### WHAT TO WORK ON
Leave the images aside and copy out the whole listing, exact to the word.

### GIVEN MATERIAL
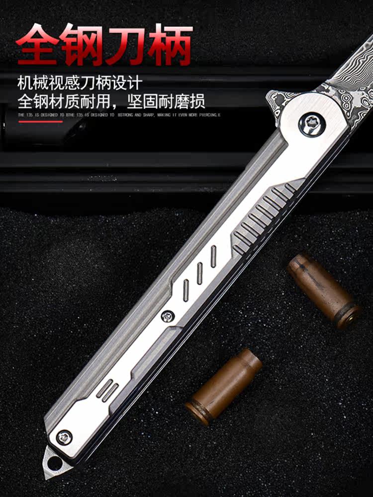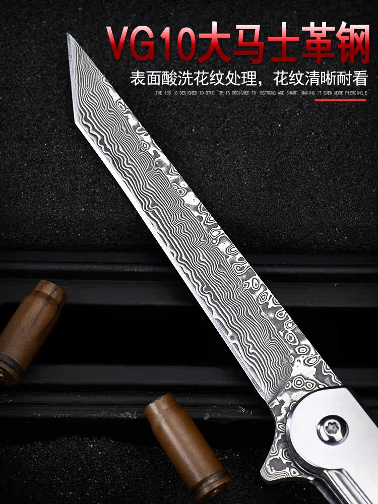 Damascus steel knife folding knife outdoor high hardness sharp bearing mini self-defense pocket knife military Labor folding knife
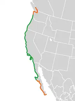 Die in Zentralkalifornien zwischen Point Reyes und Point Conception beheimatete Population umfasste in den späten 1970er Jahren rund 17.000 Brutpaare[48] und nahm bis in die 1990er Jahre – vermutlich infolge von ENSO-Phänomenen – auf rund 14.000 Paare ab.[49] Die im Süden Kaliforniens – also südlich von Point Conception – beheimatete Population vergrößerte sich im selben Zeitraum von rund 5.500 auf etwa 14.000 Brutpaare.[49]
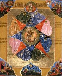 | Keywords: Russian - Virgin of the Burning Bush - Walters 372478A.jpg This is a late example very conservative in painting style of a type of image that was first developed in Russia in the late 16th century It is primarily based on the Old Testament story in which God revealed himself to Moses in a bush that burned without being consumed by the fire The Burning Bush was used as a metaphor for the Virgin Mary who gave birth to a child while retaining her virginity The Virgin and Christ Child in the center of the panel are surrounded by the symbols of the four evangelists and by angels whom Mary as the Queen of Heaven commands These angels as the accompanying inscriptions explain hold sway over various natural elements wind fire ice darkness etc cf Hebrews 1 7 Four Old Testament scenes in the corners prophetically refer to the Incarnation Moses before the burning bush Exodus 3 2 Isaiah's vision of a cherub holding a coal with tongs Isaiah 6 6 Ezekiel's vision of a shut door through which the Lord alone can enter Ezekiel 44 2 and Jacob's dream of a ladder leading to heaven Genesis 28 12-13 In the frame below is the Virgin's ancestor Jesse father of King David century 19 Modern tempera gold wood cm 36 31 3 8 accession number 37 2478A 6972 Sara D Redmond Oyster Bay New York date of acquisition unknown by purchase Walters Art Museum Gift of Mrs Sara D Redmond 1972 Translation 1 An Image of the Mother of God asthe Burning Bush 1a The Lord of Hosts 2 Isaiah saw a cherub holding a coal with tongs Is 6 6 3 The spirit of power the angel of dew and mist 4 The angel of the wind 5 The spirit of glory the angel who makes cold and ice and wisely brings salvation to all people 6 The spirit of the tempest 7 The spirit of piety the angel of vengeance upon the adversaries who offers the cup of sorrow 8 Jacob and saw a ladder set up on the earth to heaven Angels of the God were ascending and descending on it and the Lord stood above it Gen 28 12-13 9 Jacob wrestling with the Lord 10 The spirit of reason the angel who wakes up those asleep for ages 11 A rod out of the stem of Jesse and a branch out of it Is 11 1 is Christ 12 The angels of burning that is the ones who will be sent forth by the Righteous Judge to do His bidding 12a The angel of 13 Ezekiel saw a shut door and no one were to go through it but the Lord alone Ez 44 2 14 The spirit of the fear of God who by a clap of thunder announces the Fearsome Coming 15 The angel of the rainbow and clouds 16 The spirit of wisdom the angel who lights up the fire that is who reveals the future of the present age 17 The spirit of service the angel of snow and rime 18 Moses saw on the mountain a bush burning with fire and not consumed Exod 3 2 Realms of Faith Medieval and Byzantine Art from the Walters Art Museum Frist Center for the Visual Arts Nashville 2001-2002 Realms of Faith Medieval and Byzantine Art from the Walters Art Museum Frist Center for the Visual Arts Nashville 2002-2005 place of origin Palekh Russia Walters Art Museum license 2D Russian art in the Walters Art Museum Russian icons in the Walters Art Museum Neopalimaya Kupina |

### OUTPUT FOR THIS TASK
 Damascus steel knife folding knife outdoor high hardness sharp bearing mini self-defense pocket knife military Labor folding knife
 Die in Zentralkalifornien zwischen Point Reyes und Point Conception beheimatete Population umfasste in den späten 1970er Jahren rund 17.000 Brutpaare[48] und nahm bis in die 1990er Jahre – vermutlich infolge von ENSO-Phänomenen – auf rund 14.000 Paare ab.[49] Die im Süden Kaliforniens – also südlich von Point Conception – beheimatete Population vergrößerte sich im selben Zeitraum von rund 5.500 auf etwa 14.000 Brutpaare.[49]
 | Keywords: Russian - Virgin of the Burning Bush - Walters 372478A.jpg This is a late example very conservative in painting style of a type of image that was first developed in Russia in the late 16th century It is primarily based on the Old Testament story in which God revealed himself to Moses in a bush that burned without being consumed by the fire The Burning Bush was used as a metaphor for the Virgin Mary who gave birth to a child while retaining her virginity The Virgin and Christ Child in the center of the panel are surrounded by the symbols of the four evangelists and by angels whom Mary as the Queen of Heaven commands These angels as the accompanying inscriptions explain hold sway over various natural elements wind fire ice darkness etc cf Hebrews 1 7 Four Old Testament scenes in the corners prophetically refer to the Incarnation Moses before the burning bush Exodus 3 2 Isaiah's vision of a cherub holding a coal with tongs Isaiah 6 6 Ezekiel's vision of a shut door through which the Lord alone can enter Ezekiel 44 2 and Jacob's dream of a ladder leading to heaven Genesis 28 12-13 In the frame below is the Virgin's ancestor Jesse father of King David century 19 Modern tempera gold wood cm 36 31 3 8 accession number 37 2478A 6972 Sara D Redmond Oyster Bay New York date of acquisition unknown by purchase Walters Art Museum Gift of Mrs Sara D Redmond 1972 Translation 1 An Image of the Mother of God asthe Burning Bush 1a The Lord of Hosts 2 Isaiah saw a cherub holding a coal with tongs Is 6 6 3 The spirit of power the angel of dew and mist 4 The angel of the wind 5 The spirit of glory the angel who makes cold and ice and wisely brings salvation to all people 6 The spirit of the tempest 7 The spirit of piety the angel of vengeance upon the adversaries who offers the cup of sorrow 8 Jacob and saw a ladder set up on the earth to heaven Angels of the God were ascending and descending on it and the Lord stood above it Gen 28 12-13 9 Jacob wrestling with the Lord 10 The spirit of reason the angel who wakes up those asleep for ages 11 A rod out of the stem of Jesse and a branch out of it Is 11 1 is Christ 12 The angels of burning that is the ones who will be sent forth by the Righteous Judge to do His bidding 12a The angel of 13 Ezekiel saw a shut door and no one were to go through it but the Lord alone Ez 44 2 14 The spirit of the fear of God who by a clap of thunder announces the Fearsome Coming 15 The angel of the rainbow and clouds 16 The spirit of wisdom the angel who lights up the fire that is who reveals the future of the present age 17 The spirit of service the angel of snow and rime 18 Moses saw on the mountain a bush burning with fire and not consumed Exod 3 2 Realms of Faith Medieval and Byzantine Art from the Walters Art Museum Frist Center for the Visual Arts Nashville 2001-2002 Realms of Faith Medieval and Byzantine Art from the Walters Art Museum Frist Center for the Visual Arts Nashville 2002-2005 place of origin Palekh Russia Walters Art Museum license 2D Russian art in the Walters Art Museum Russian icons in the Walters Art Museum Neopalimaya Kupina |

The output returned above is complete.